(Description of the task)
Nothing but the lines below from the one that contains "2023年10月8日上午9:45分左右,濰坊市交通運(y" through the one that contains "사랑을 받고 있어요! |" should be retyped, exactly and including both ends. Do not include pictures.

(Exercise data)
((

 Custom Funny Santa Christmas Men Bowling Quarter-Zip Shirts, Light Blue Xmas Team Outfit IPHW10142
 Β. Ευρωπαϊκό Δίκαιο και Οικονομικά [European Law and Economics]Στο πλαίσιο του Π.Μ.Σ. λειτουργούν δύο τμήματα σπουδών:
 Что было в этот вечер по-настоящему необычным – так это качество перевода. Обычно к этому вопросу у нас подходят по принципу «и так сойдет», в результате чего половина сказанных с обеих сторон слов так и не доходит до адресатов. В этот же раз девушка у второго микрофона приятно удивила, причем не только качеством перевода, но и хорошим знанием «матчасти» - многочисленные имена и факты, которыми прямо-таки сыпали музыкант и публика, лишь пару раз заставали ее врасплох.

))
((

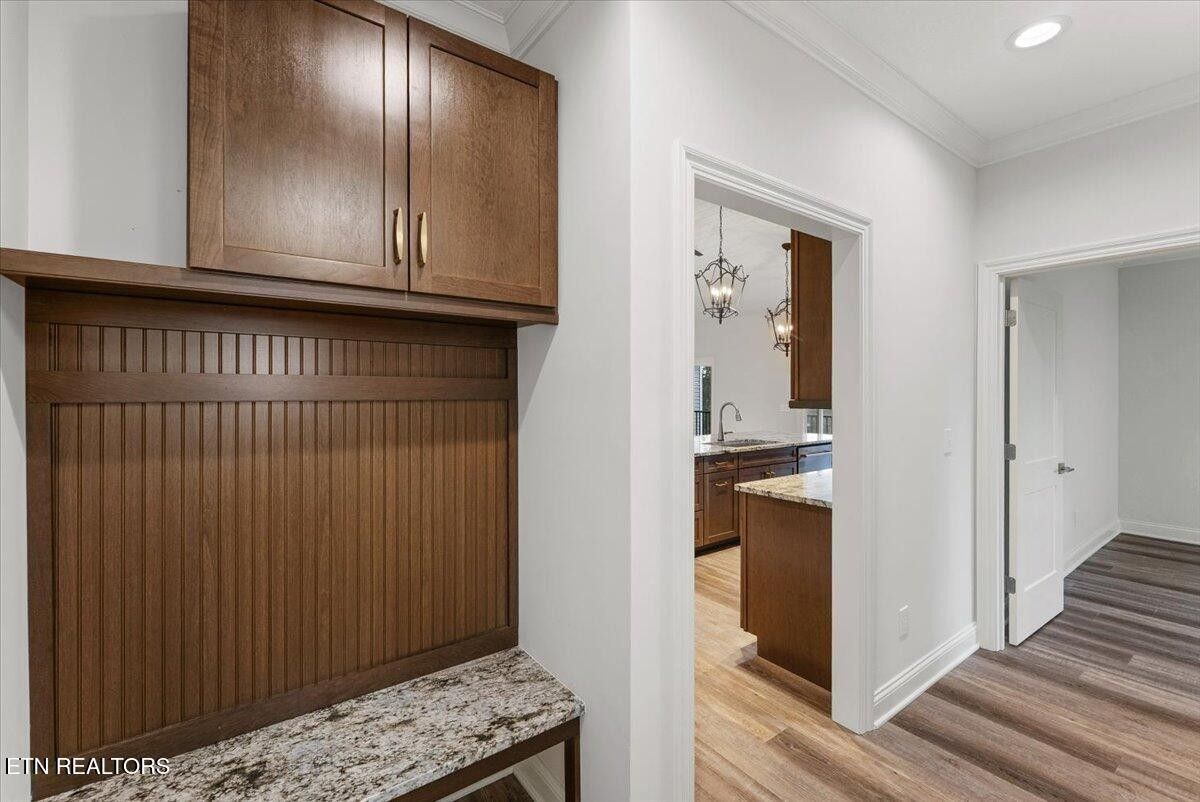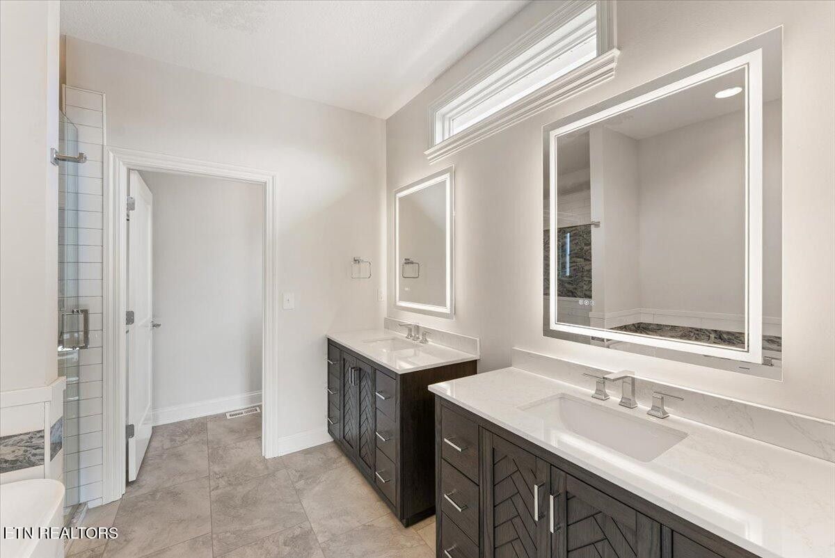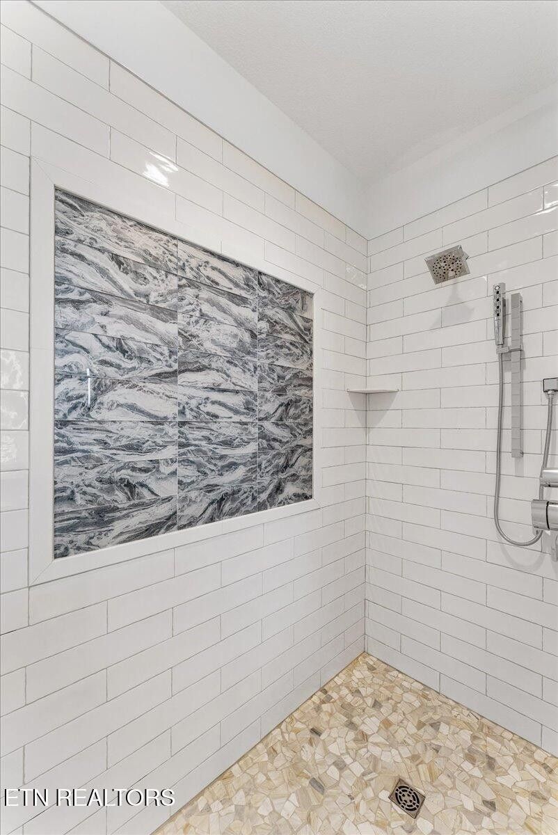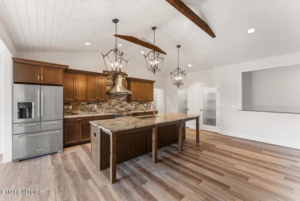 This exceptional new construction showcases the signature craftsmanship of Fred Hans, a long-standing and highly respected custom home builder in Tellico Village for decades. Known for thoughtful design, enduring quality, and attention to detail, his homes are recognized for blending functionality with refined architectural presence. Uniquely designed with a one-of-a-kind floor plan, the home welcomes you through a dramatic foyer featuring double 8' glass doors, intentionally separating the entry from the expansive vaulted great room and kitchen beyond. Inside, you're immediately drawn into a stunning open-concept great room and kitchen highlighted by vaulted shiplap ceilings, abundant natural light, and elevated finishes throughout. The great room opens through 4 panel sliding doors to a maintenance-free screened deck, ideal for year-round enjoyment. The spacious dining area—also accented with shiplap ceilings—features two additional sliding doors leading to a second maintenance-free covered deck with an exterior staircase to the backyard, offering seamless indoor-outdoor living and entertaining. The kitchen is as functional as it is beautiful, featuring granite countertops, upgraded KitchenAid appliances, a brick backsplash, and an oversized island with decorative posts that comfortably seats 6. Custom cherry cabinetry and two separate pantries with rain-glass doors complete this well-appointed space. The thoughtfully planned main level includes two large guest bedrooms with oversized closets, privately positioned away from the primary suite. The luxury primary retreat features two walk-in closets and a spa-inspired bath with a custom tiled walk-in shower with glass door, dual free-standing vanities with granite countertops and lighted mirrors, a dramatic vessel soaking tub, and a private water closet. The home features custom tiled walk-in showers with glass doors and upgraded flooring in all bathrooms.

))
((

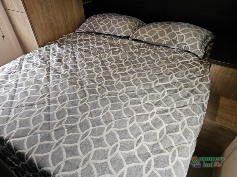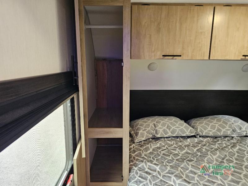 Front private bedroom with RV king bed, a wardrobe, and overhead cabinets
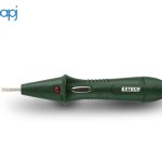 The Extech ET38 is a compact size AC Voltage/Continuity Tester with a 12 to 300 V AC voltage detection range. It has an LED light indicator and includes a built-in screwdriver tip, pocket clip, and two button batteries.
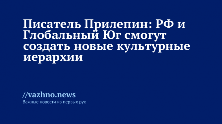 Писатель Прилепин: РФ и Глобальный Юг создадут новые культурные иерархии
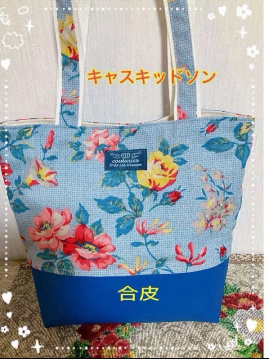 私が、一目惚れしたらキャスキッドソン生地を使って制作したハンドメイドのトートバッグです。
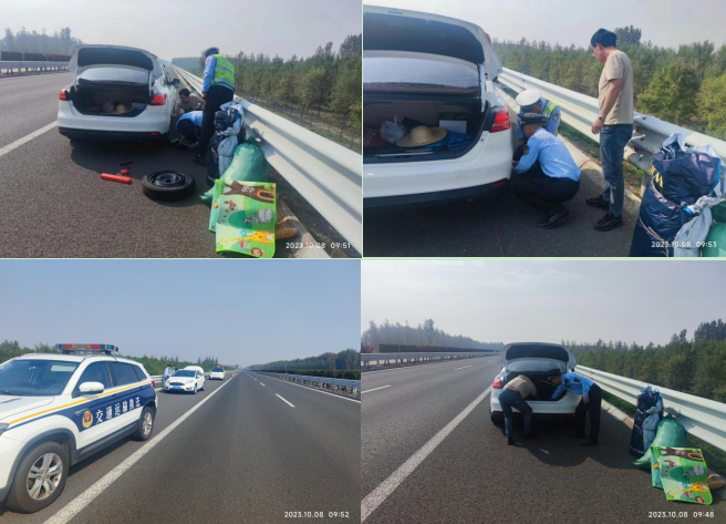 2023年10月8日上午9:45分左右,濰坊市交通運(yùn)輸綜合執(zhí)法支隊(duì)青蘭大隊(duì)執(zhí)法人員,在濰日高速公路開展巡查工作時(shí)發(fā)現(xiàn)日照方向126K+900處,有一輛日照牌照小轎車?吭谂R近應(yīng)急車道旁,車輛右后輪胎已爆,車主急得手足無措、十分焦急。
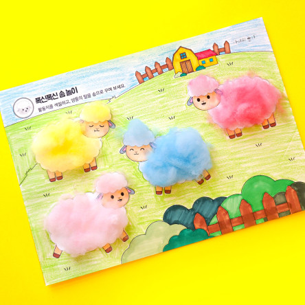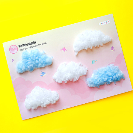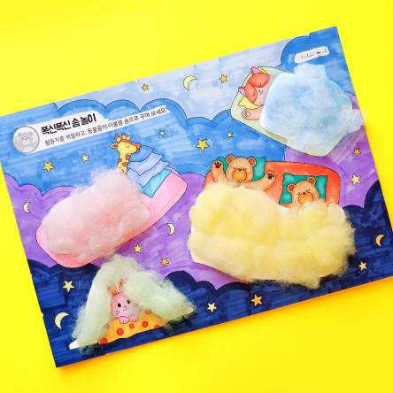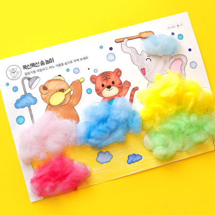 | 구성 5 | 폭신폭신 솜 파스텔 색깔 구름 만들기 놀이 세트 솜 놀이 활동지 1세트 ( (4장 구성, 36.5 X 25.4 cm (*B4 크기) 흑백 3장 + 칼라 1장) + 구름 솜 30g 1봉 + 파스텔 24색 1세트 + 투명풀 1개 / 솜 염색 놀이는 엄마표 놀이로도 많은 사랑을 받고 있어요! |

))

(Response for this exercise)
 2023年10月8日上午9:45分左右,濰坊市交通運(yùn)輸綜合執(zhí)法支隊(duì)青蘭大隊(duì)執(zhí)法人員,在濰日高速公路開展巡查工作時(shí)發(fā)現(xiàn)日照方向126K+900處,有一輛日照牌照小轎車?吭谂R近應(yīng)急車道旁,車輛右后輪胎已爆,車主急得手足無措、十分焦急。
 | 구성 5 | 폭신폭신 솜 파스텔 색깔 구름 만들기 놀이 세트 솜 놀이 활동지 1세트 ( (4장 구성, 36.5 X 25.4 cm (*B4 크기) 흑백 3장 + 칼라 1장) + 구름 솜 30g 1봉 + 파스텔 24색 1세트 + 투명풀 1개 / 솜 염색 놀이는 엄마표 놀이로도 많은 사랑을 받고 있어요! |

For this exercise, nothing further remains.